Der 17. Mai ist der internationale Tag gegen Homophobie. An diesem Tag soll im nächsten Jahr eine Internetplattform freigeschaltet werden, auf der schwule Profi-Fußballer, aber auch andere Profisportler, mit Texten und Videos ihre Geschichte erzählen, im Zweifel auch anonymisiert. Ein Outing eines aktiven Profi-Fußballers gab es in Deutschland bisher nicht.
Urban: "Es fehlt ein bisschen an Mut und Zuspruch"
Urban stand in den 1990er Jahren selbst auf dem Sprung in den Profifußball, hat seine Karriere aber früh beendet, weil er sein Schwulsein nicht mehr verstecken wollte und berichtete darüber in seiner Biografie "Versteckspieler". Der mittlerweile 52-Jährige beschäftigt sich seit Jahren mit der Problematik. Er wisse, dass viele Spieler gerne ihr Coming-Out hätten. "Aber es fehlt ein bisschen am Setting, vielleicht auch der Mut und Zuspruch. Jemand der sagt: 'Komm lass uns das jetzt mal zu Ende bringen, damit eine Normalisierung eintritt.' Das bieten wir ihnen. Die Entscheidung fällen sie letztlich aber selbst."
Der ehemalige Fußballer Marcus Urban (l.) mit seinem Ehemann Jens.

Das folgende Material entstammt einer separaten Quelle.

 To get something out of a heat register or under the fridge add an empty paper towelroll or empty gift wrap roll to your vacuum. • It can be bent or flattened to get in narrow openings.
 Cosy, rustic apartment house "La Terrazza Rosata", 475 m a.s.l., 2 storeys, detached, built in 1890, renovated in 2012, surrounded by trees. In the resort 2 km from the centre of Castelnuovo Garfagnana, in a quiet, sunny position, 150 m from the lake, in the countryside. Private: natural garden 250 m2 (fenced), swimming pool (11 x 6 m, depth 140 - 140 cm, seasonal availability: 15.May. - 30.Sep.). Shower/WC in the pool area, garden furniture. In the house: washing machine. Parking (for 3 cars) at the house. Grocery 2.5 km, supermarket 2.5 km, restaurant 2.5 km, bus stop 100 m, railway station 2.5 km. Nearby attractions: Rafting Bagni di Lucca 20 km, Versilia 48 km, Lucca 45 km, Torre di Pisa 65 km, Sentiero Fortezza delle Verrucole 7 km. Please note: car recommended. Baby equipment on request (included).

"Wir bauen ihnen ein Haus, aber durch die Tür müssen sie selbst gehen."
— Marcus Urban
Urban kämpft dafür, dass "Fußball spielen, Geld verdienen und glücklich und authentisch sein zusammen gehören können". Leichter gesagt als getan. Die Ängste der Spieler sind groß und haben schon angedachte Coming-Outs verhindert. "Da sind Befürchtungen, dass die Vereine einen im Stich lassen, dass man nicht mehr vermarktbar ist, die Sponsoren abspringen und man gemobbt wird."

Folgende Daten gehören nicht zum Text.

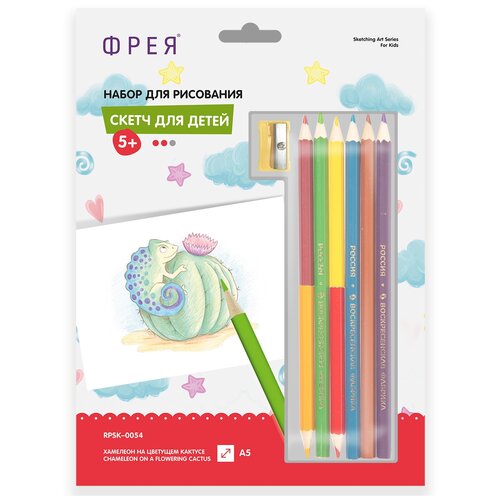 Фрея RPSK0054 Хамелеон на цветущем кактусе Скетч для раскраш. цветными карандашами 20.5 х 14.5 см 1 л. .

17. Mai erinnert an Paragraf 175 des Strafgesetzbuches
Deswegen auch die Idee eines Gruppen-Coming-Outs, um die daraus resultierende Aufmerksamkeit auf mehrere Schultern verteilen zu können. "Der 17. Mai 2024 ist dafür ein würdiges Datum", so Urban. Angelehnt an den Paragrafen 175 StGB, der sexuelle Handlungen zwischen Personen männlichen Geschlechts unter Strafe stellte und somit die Verfolgung Homosexueller ermöglichte. Auf das Datum festgenagelt seien die Spieler allerdings nicht, sagt Urban. "Es soll in der Folge immer am 17. jeden Monats die Möglichkeit geben, sich auf der Plattform zu positionieren."
Der Paragraf 175
- Der § 175 des deutschen Strafgesetzbuches existierte vom 1. Januar 1872 bis zum 11. Juni 1994. Er stellte sexuelle Handlungen zwischen Männern unter Strafe.
- 1935 verschärften die Nationalsozialisten den Paragrafen. Sie hoben die Höchststrafe von sechs Monaten auf fünf Jahre Gefängnis an. In schweren Fällen betrug das Strafmaß sogar bis zu zehn Jahre Zuchthaus (§ 175a).
- Die Bundesrepublik Deutschland hielt zwei Jahrzehnte lang an den Fassungen des § 175 aus der Zeit des Nationalsozialismus fest.
- Im Jahr 1969 kam es zu einer ersten, 1973 zu einer zweiten Reform des Paragrafen.
- Erst 1994 wurde er aufgehoben. Insgesamt wurden etwa 140.000 Männer nach § 175 verurteilt, 50.000 von ihnen nach 1949.
- In der ehemaligen DDR war Homosexualität seit 1968 unter Erwachsenen straffrei.